A Digital Video Primer for Geeks – Three Thumbs Up!

About an hour ago I watched A Digital Video Primer for Geeks. This is, hands down and no exceptions, the best instructional video I’ve ever seen. It takes a complex, dry, detail-filled topic and presents it with lucid clarity and a sense of fun.

They’re not kidding about the “for geeks” part; the exposition is fast and dense and assumes the reader is able to handle having concepts as complex as Nyquist’s theorem thrown at them in one go. But the exposition is also very clear and direct, and delivered with a keen sense of which details need most emphasis. The effect is only secondarily to impart facts; what they’re attempting, successfully, is to give the viewer a feel for the subject matter, an overall grasp of how the pieces fit together which can be filled in by later deep-diving into the pieces.

Full marks to Monty for his delivery, which is excellent on all levels. I’m no slouch myself at presenting technical ideas in accessible language, but I will cheerfully admit that this is as good as me at the top of my form, or possibly better. I know how much skill and effort is concealed in making a performance like this look casual; if you don’t, just trust me that what Monty has pulled off here is quite impressive just as an act of presentation-fu.
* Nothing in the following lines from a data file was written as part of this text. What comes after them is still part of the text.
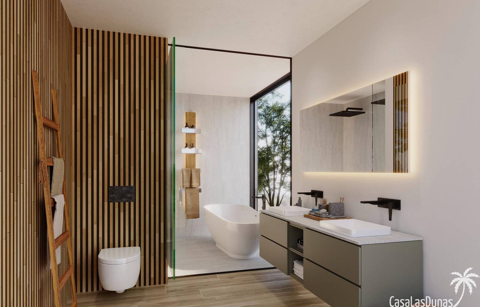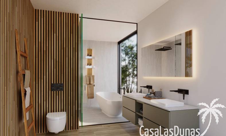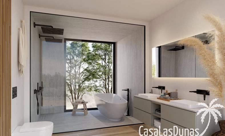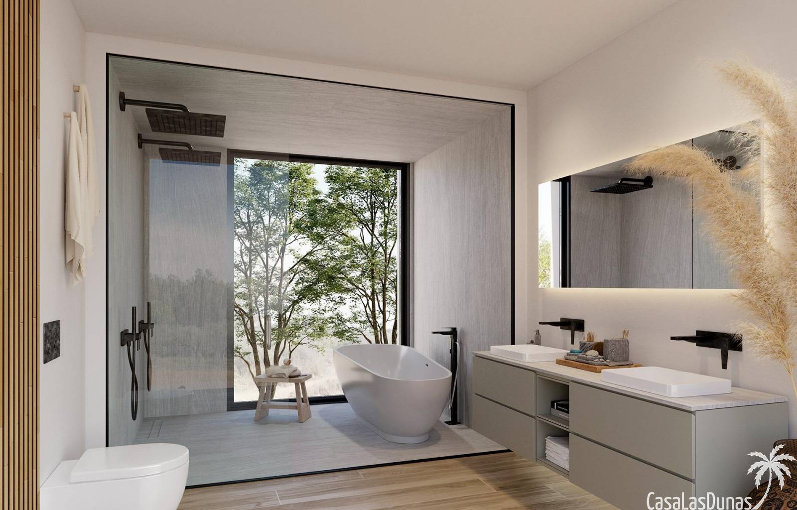 Elke villa wordt uitgerust met de meest geavanceerde technologieën (aerothermie, LED-verlichting, domotica). Dit alles stelt ons in staat om een comfortabel, modern en efficiënt huis te creëren, een huis van de 21e eeuw. De combinatie van natuurlijke kleuren en het gebruik van hout creëren een uitzonderlijke sensatie van absoluut comfort en een intieme vereniging met de natuur.
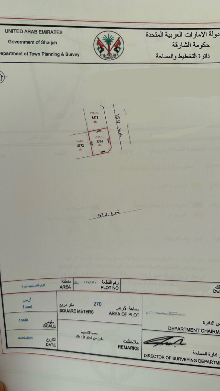 Corner Residential Land in Blida - Sharjah Area 2906 feet Foot price 190 dirhams Total price AED552140 A privileged location on a corner inside the Blida residential area, ideal for building a high - end villa with a special design, characterised by easy access and proximity to basic services and facilities
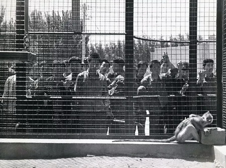 (一幅从笼内角度拍摄的游客观看猴子的照片)
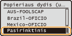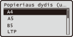 Jei įdėjus popieriaus anksčiau pavaizduotas ekranas nerodomasJeigu į universalųjį dėklą visuomet dedate tokį patį popierių, popieriaus nustatymo veiksmus galite praleisti įregistravę popieriaus formatą ir tipą kaip numatytąjį parametrą. Įregistravus numatytąjį parametrą, anksčiau pavaizduotas ekranas nerodomas. Jei norite matyti ekraną, <Išjungta> pasirinkite <Užreg. numatyt. param.> (Numatytųjų popieriaus parametrų priskyrimas universaliajam dėklui).
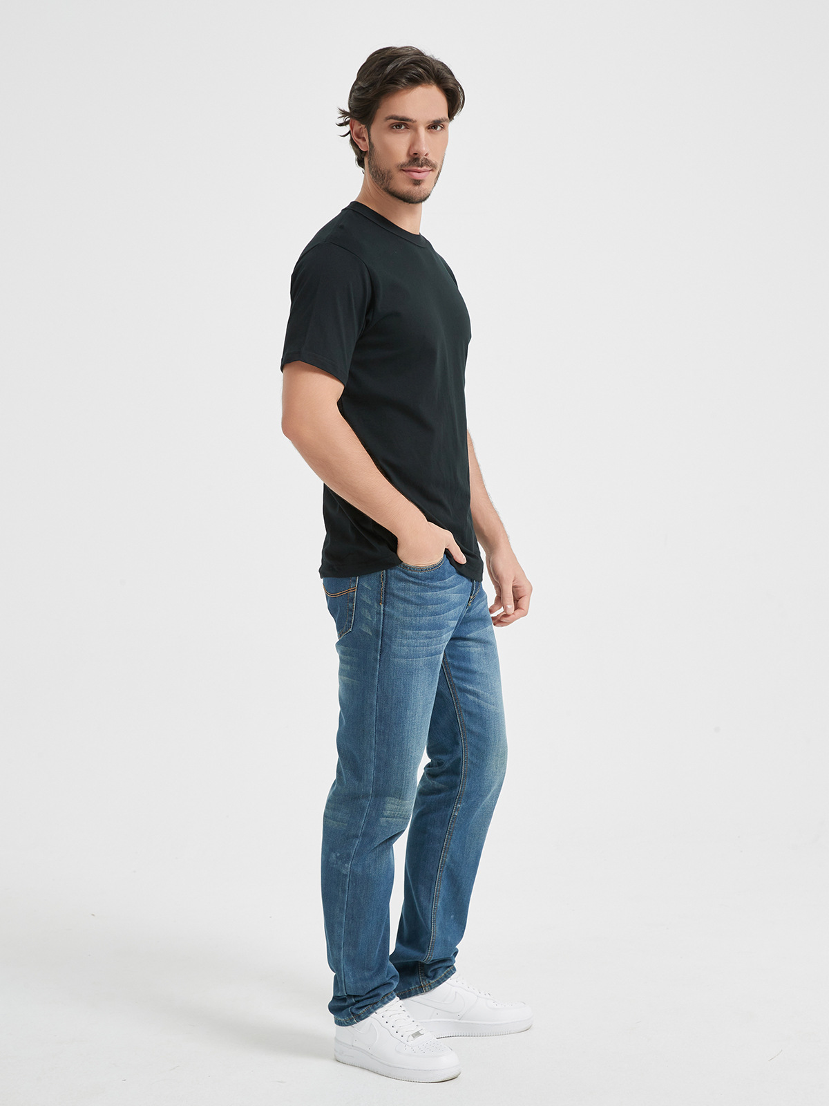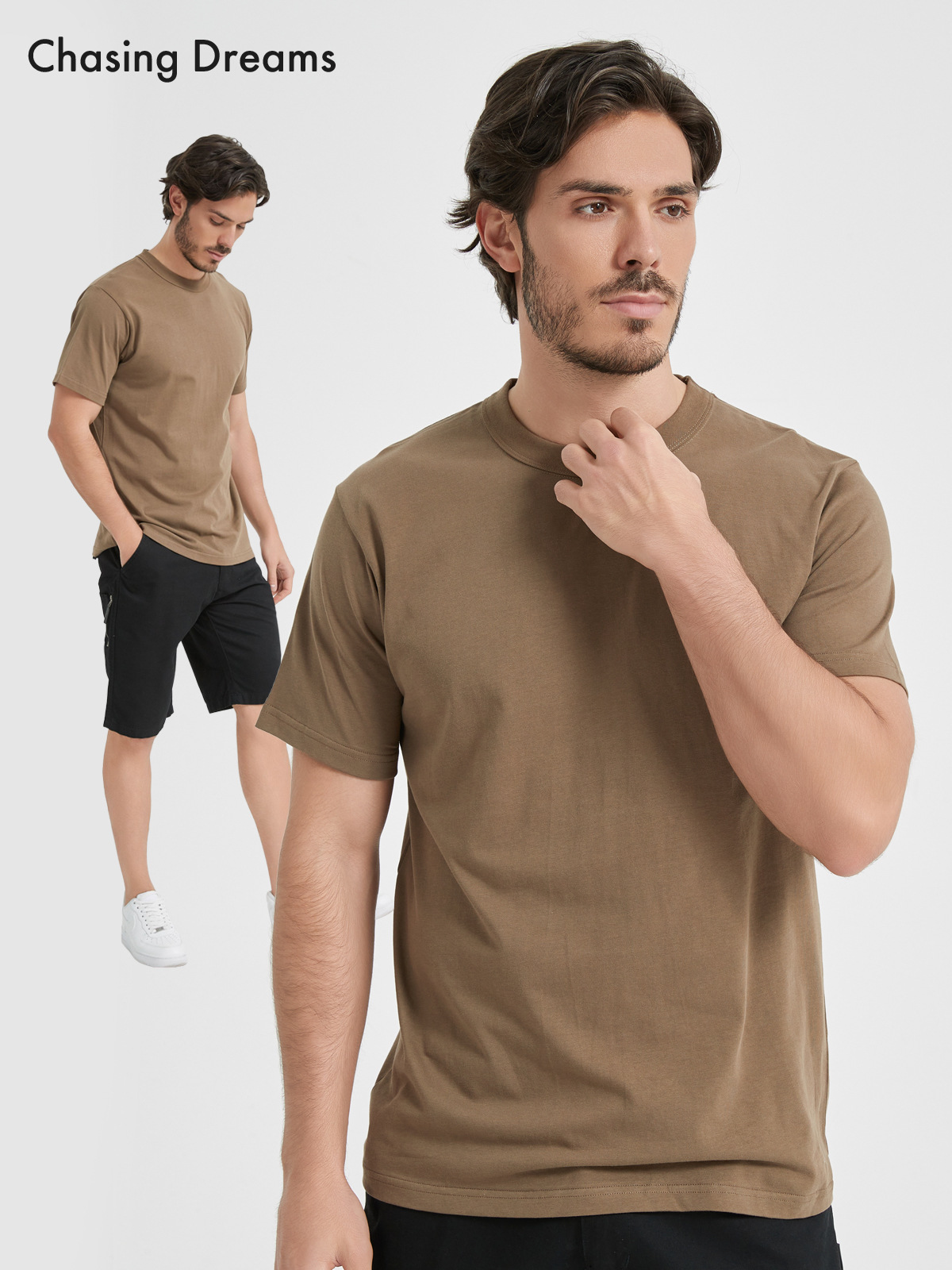 고급 삼바늘 신장면 헤비급 순면 반팔 티셔츠 솔리드 컬러 남성용 오른쪽 어깨 여름 바닥 셔츠 남성용 도매
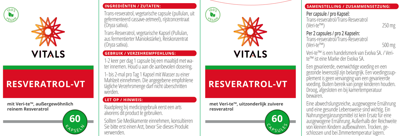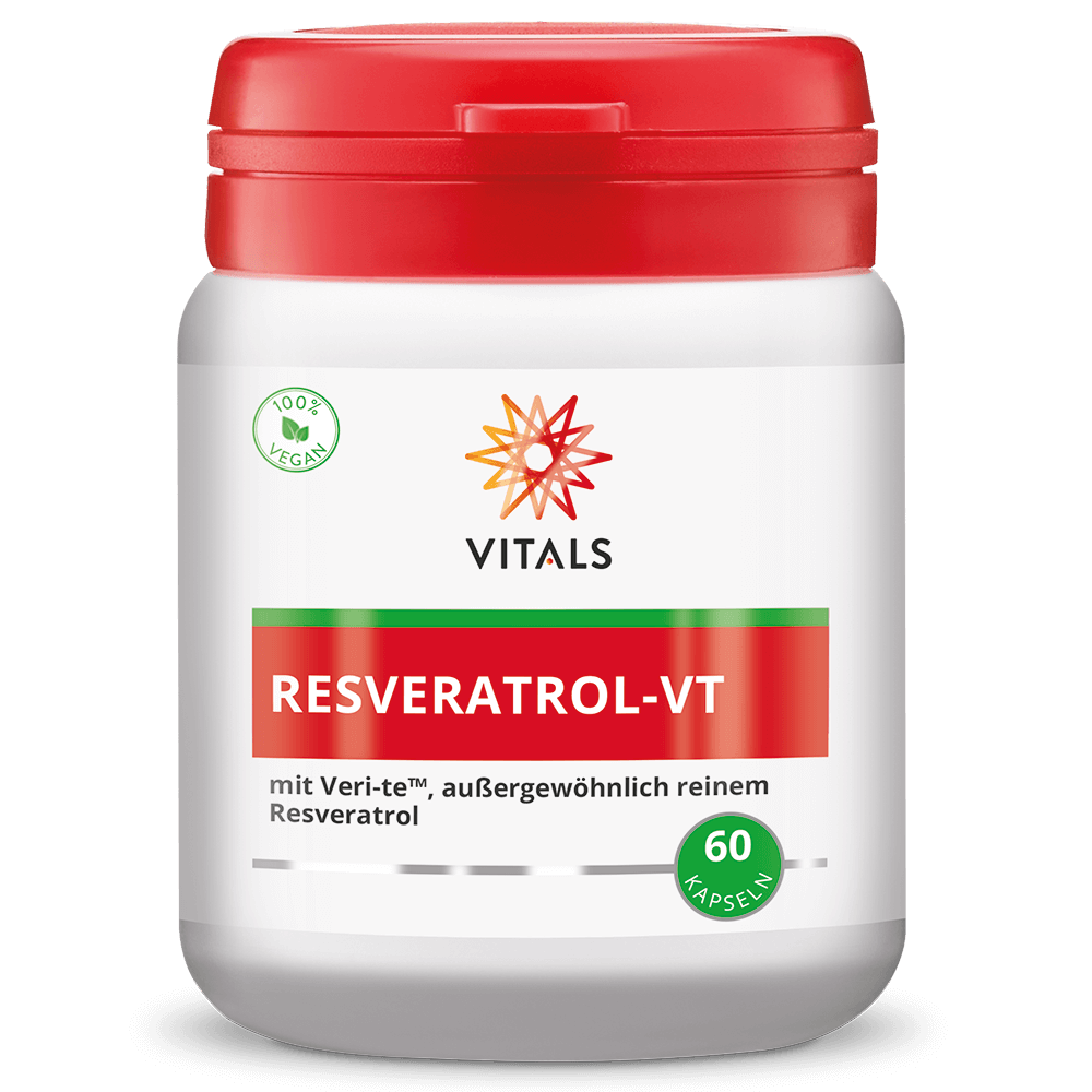 Resveratrol ist ein bekannter Nährstoff, der unter anderem in Trauben (Rotwein) und amerikanischen Blaubeeren vorkommt. Resveratrol schützt die Pflanze vor äußeren Einflüssen und unterstützt sie bei schlechten Wachstumsbedingungen. Das wissenschaftliche Interesse an Resveratrol ist groß. Zu diesem Thema wurden etwa 8000 wissenschaftliche Arbeiten veröffentlicht, darunter mehr als 200 Humanstudien. Die Hauptwirkung von Resveratrol besteht darin, die Gesundheit von Herz und Blutgefäßen zu unterstützen. Resveratrol tut dies auf verschiedene Weise, eine davon ist, dass es zu einer guten Durchblutung beiträgt. Darüber hinaus ist Resveratrol ein starkes Antioxidans. Resveratrol-VT von Vitals enthält hochreines Resveratrol in der trans-Form (der biologisch aktiven Form, im Gegensatz zur praktisch wirkungslosen cis-Form). |
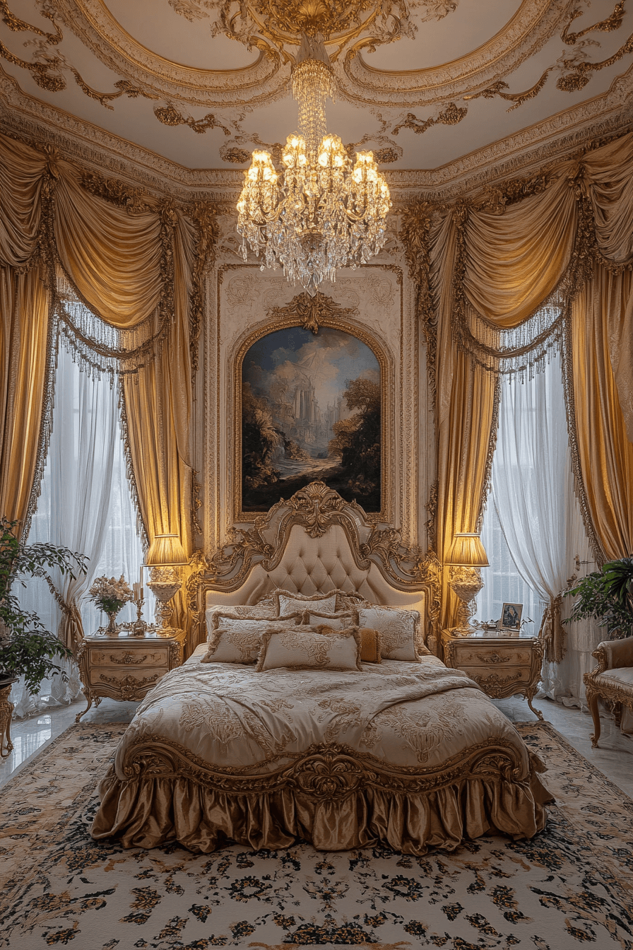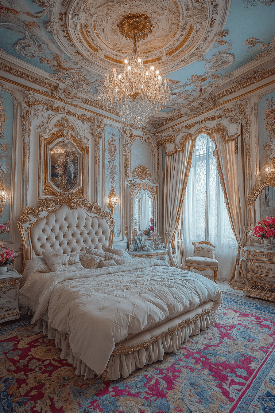 Rococo romance fills antique home decor ideas with graceful elegance and whimsical charm. Pastel palettes, ornate mirrors, and tufted bedding create dreamy interiors. Carved furniture and delicate chandeliers add vintage sophistication. Floral fabrics soften the overall design with romantic warmth. The result feels airy, elegant, and enchanting. Discover antique home decor ideas inspired by Rococo style that transform bedrooms into beautiful retreats!
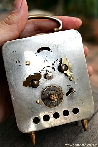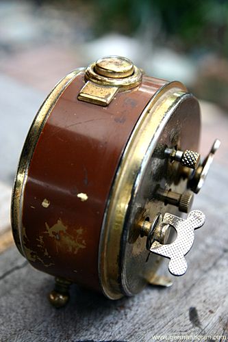รหัส: C4_4 ข้อมูล: นาฬิกาปลุกไขลานเยอรมันโบราณ ยี่ห้อ Schmid รุ่น 7 Jewels เดิน 8 วัน ขนาดประมาณ 7x7cm. หลุยส์ๆ ตั้งแต่หัวจรดเท้า สภาพกริ๊บๆ หนักๆ ตันๆ หายากจ้าาาาา  ;D
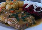 Wczoraj ostatni u nas obiad z francuskimi gośćmi....... Pieczone / Pieczonki z wkładką zamarynowanego mięsa golonki (golonka obrana z kości, skóry i tłuszczu)
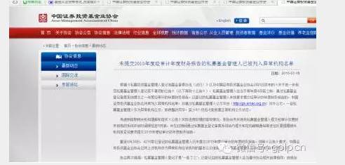 作为一名个人LP,投资人A在2016年3月份曾满怀希望的投资了两家PE,然后异常兴奋的等待该PE基金的超级回报,然而,A小姐还没有开心4个月,就突然在中国证券投资基金业协会的官网上发现,其投资的基金被列入了异常。
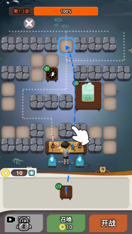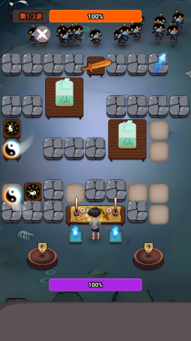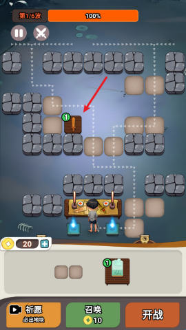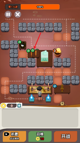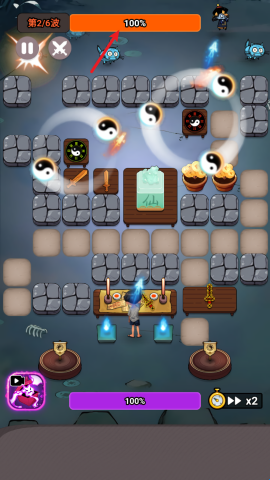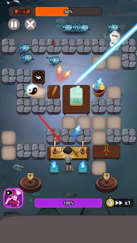 5、布置好之后就可以开始战斗了,过程中法器会自动攻击范围内的敌人,玩家可以点击主角来进行攻击。
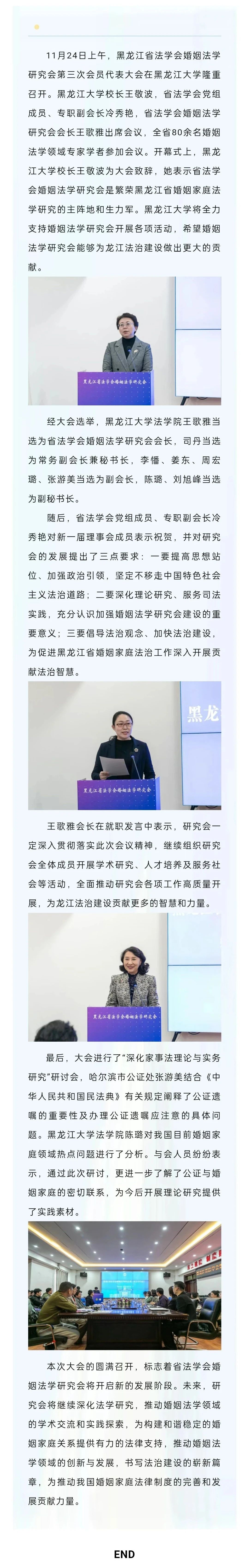黑龙江省法学会婚姻法学研究会第三届理事会换届大会圆满举行
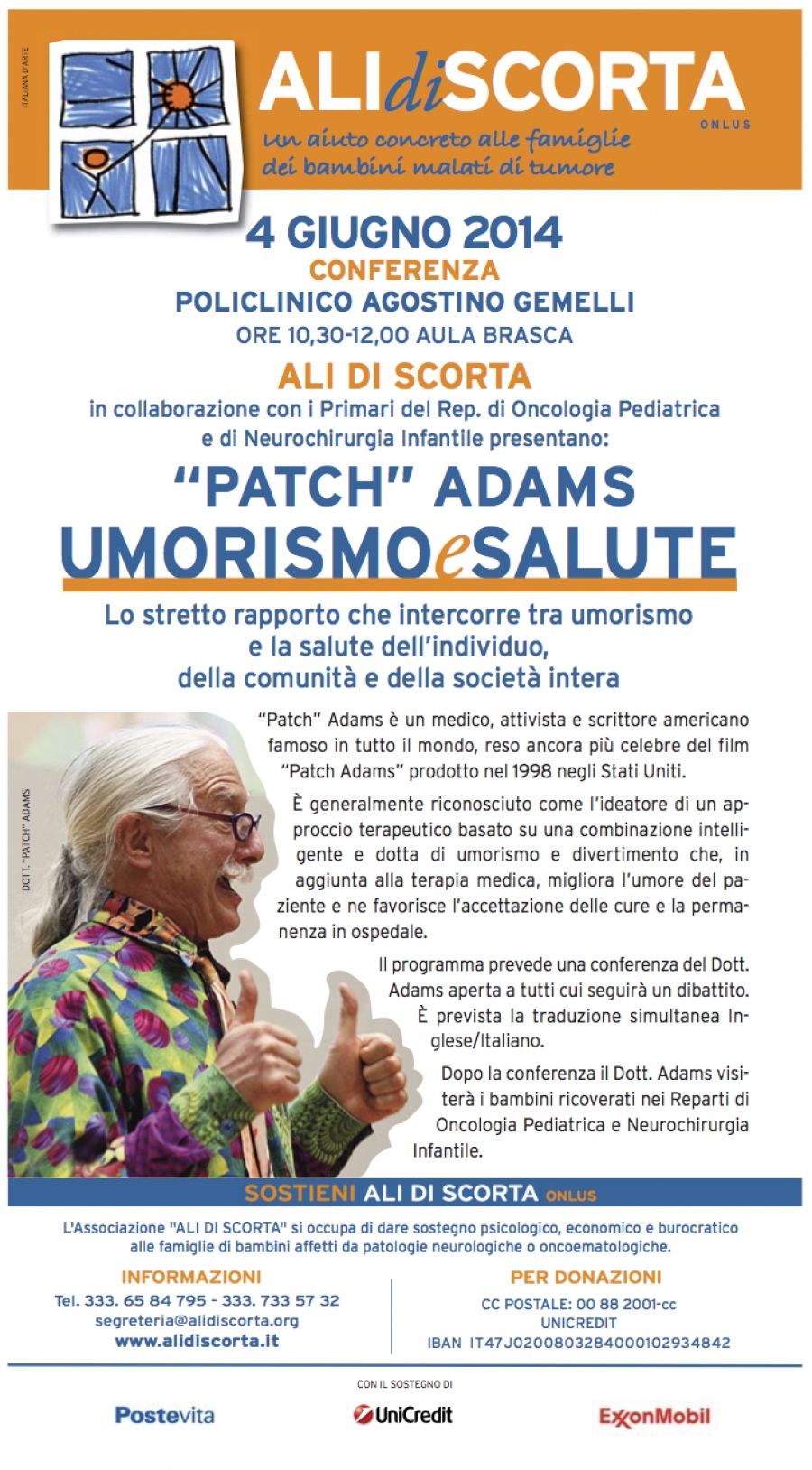 L’associazione Ali di scorta organizza una conferenza del dott. Patch Adams dal titolo Umorismo e Salute – Lo stretto rapporto che intercorre tra umorismo e salute dell’individuo‚ della comunità e della società intera.

And yes, this is a video – not just an e-book narrated by a well-spoken talking head. The uses of props, whiteboard, and special effects are tasteful and understatedly clever. I particularly enjoyed the playful use of special effects to illustrate things like sample-rate compression, signal-clipping artifacts and how YUV chroma representation actually works. That was a very effective way to tie those abstractions to experiential reality so the viewer won’t forget them.

The material was ideal for my level of knowledge at start. That is, if you have (a) programmer chops, (b) a bit of basic knowledge of the physics of sound, and (c) you’ve heard of Nyquist’s theorem before and broadly grasp the relationship between sampling rate and cutoff frequency, you’re going to eat the rest of the video up like candy. Probably (c) isn’t necessary; what it meant for me is that I started getting new material at the point where Monty explained about sample rates above 44.1 being a way to get away with cheaper bandpass filters.

In general, the production is unobtrusively immaculate. This is all the more impressive because it’s clear the piece was shot on a tiny budget. And it proudly announces at the end that only open-source tools were used. Creative Commons license, natch.

One final thing: On top of all its other virtues, this video is a lovely aesthetic expression of the hacker posture of mind. If you are a hacker, you will know what I mean by this when you watch it; if you aren’t, there is little to no point in my trying to explain. If you think you may be becoming a hacker, watch it twice. Then get a night’s sleep and watch it again. This will help you in broad and subtle ways.